キョン

想像し共感する努力

夏の早朝、ひと気のない山道をロードバイクで走っていると、2匹のキョンの子供が森の中から飛び出してきました。時速35kmで走るロードバイクの脇を並走しながら、2匹が戯れ合うようにして駆けていく姿には生きる力が満ち溢れていて、千葉県が必死に繁殖を食い止めようとしている特定外来生物であっても、この世に生を受けた一つ一つの命なのだということをあらためて実感させられます。

eatosの周囲でも庭をてくてく歩いていたり、畦道を猛ダッシュする姿をよく見かけます。

目先の利益のために見世物として連れてこられたキョン。施設の杜撰な管理で野生化して、急速に繁殖し、農作物の被害が出始めたら今度は邪魔者扱いされるキョン。

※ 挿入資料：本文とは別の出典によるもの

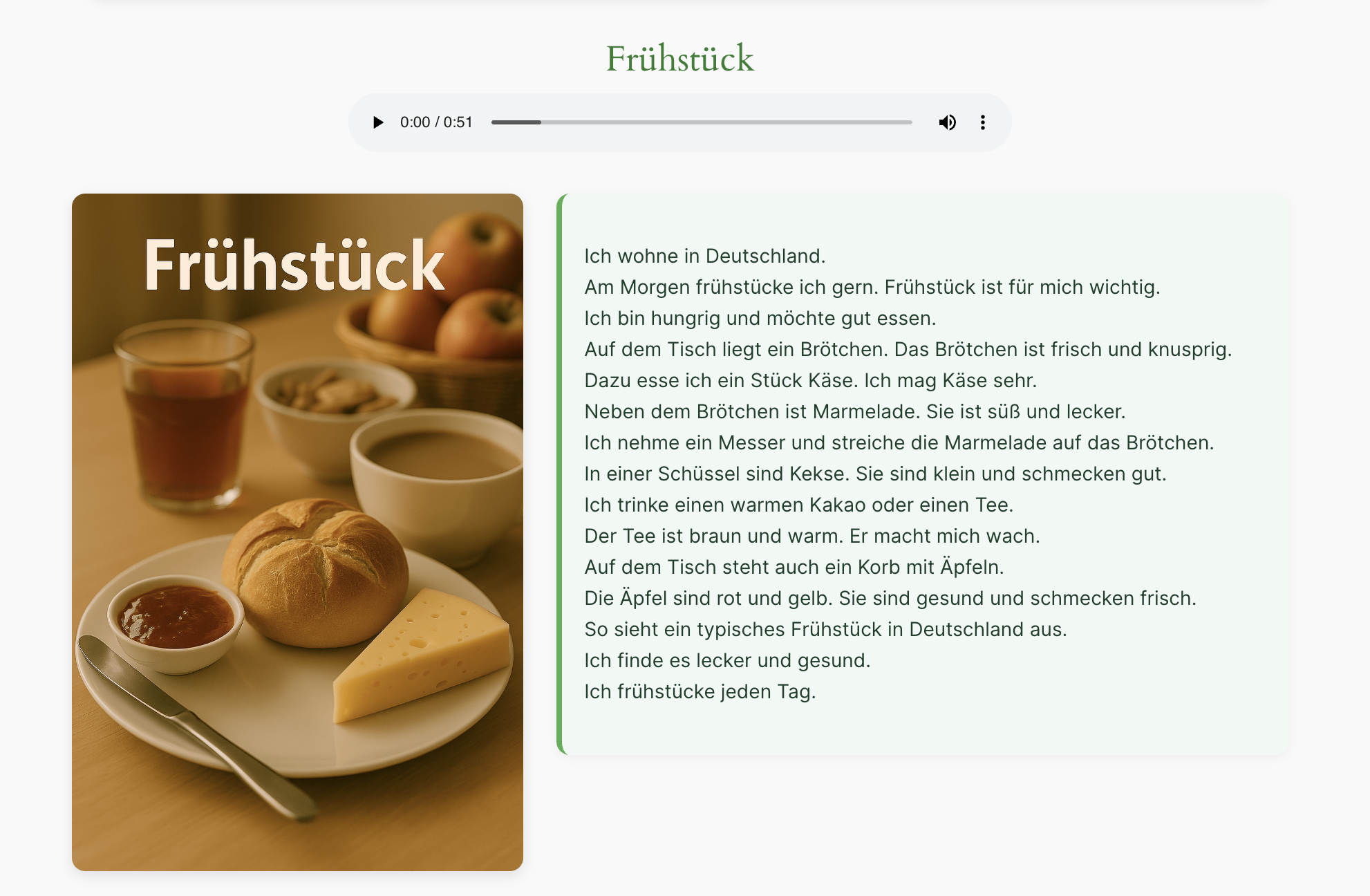 Einfache Texte rund ums Essen: Brot, Käse, Wurst und Soße – ideal zum Einstieg ins Lesen auf Deutsch.

人間の強欲さ、身勝手さ、想像力のなさに愕然とすると共に、自分の中にもそういった人間ならではの愚かさが当然のように備わっていることを思い知らされます。

そして駆除される側のキョンの視点で見た世界を想像してみると、人間の行為の恐ろしさに背筋が凍りつく。

殺処分という言葉。
捕まえて、殺して、捨てる。

ただ、ひとつの命としてこの世に生まれてきただけなのに、生まれたときから何故か周囲の人間に迷惑がられて、捕らえられて、殺されて、捨てられる。

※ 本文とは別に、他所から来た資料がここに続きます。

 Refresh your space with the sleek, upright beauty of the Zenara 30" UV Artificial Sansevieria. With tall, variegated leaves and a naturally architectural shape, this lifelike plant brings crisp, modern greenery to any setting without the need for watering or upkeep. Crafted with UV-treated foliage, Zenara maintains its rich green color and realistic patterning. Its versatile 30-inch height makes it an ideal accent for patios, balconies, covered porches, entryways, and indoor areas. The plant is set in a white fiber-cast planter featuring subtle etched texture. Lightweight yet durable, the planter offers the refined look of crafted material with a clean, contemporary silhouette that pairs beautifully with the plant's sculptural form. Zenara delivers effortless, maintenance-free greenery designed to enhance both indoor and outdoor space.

キョンを捕獲しなければならない方々の中には、貴重な命をいただくのだから、ただ殺してしまうだけでなく、できるだけ大切に活用しなければと考えている人もきっとたくさんいて、その価値観やバランス感覚は人としてとても大事なことなんじゃないかと思う。

鳴き声は確かにちょっと怖いし、夜行性にも関わらず最近は昼夜問わず見かけるキョン。そんなキョンも当然のことながらちゃんと生きている美しい命です。

実際に被害にあわれている農家の方々にとっては死活問題になりうることだから、何か手を打たなければならない状態なのは仕方のないことなのだと思うけど、金になるから連れてきて、邪魔になったら駆除すればいい、という人間全体としての行為を、立ち止まって考える必要はあるんじゃないか。

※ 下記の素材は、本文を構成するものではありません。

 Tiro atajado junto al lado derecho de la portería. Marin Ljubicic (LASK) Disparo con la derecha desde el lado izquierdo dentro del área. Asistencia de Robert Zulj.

自分が直接連れてきたわけではないから関係ない、とかそういうことではなくて、ただ駆除されるべき対象として捉えるのではなく、人間が犯してしまった過ちや、自然の中で果たすべき責任みたいなものを考えるきっかけになったらいいと思います。

自然へのリスペクト、目に見えないものへの畏怖のようなものを取り戻していくこと。そして自分以外の人や動物の視点で想像し、共感しようとする努力。平和で穏やかな世の中を作っていくために一人ひとりができることって、きっとそんなことなんじゃないかと、疾走するキョンたちを見ながら思った夏の早朝でした。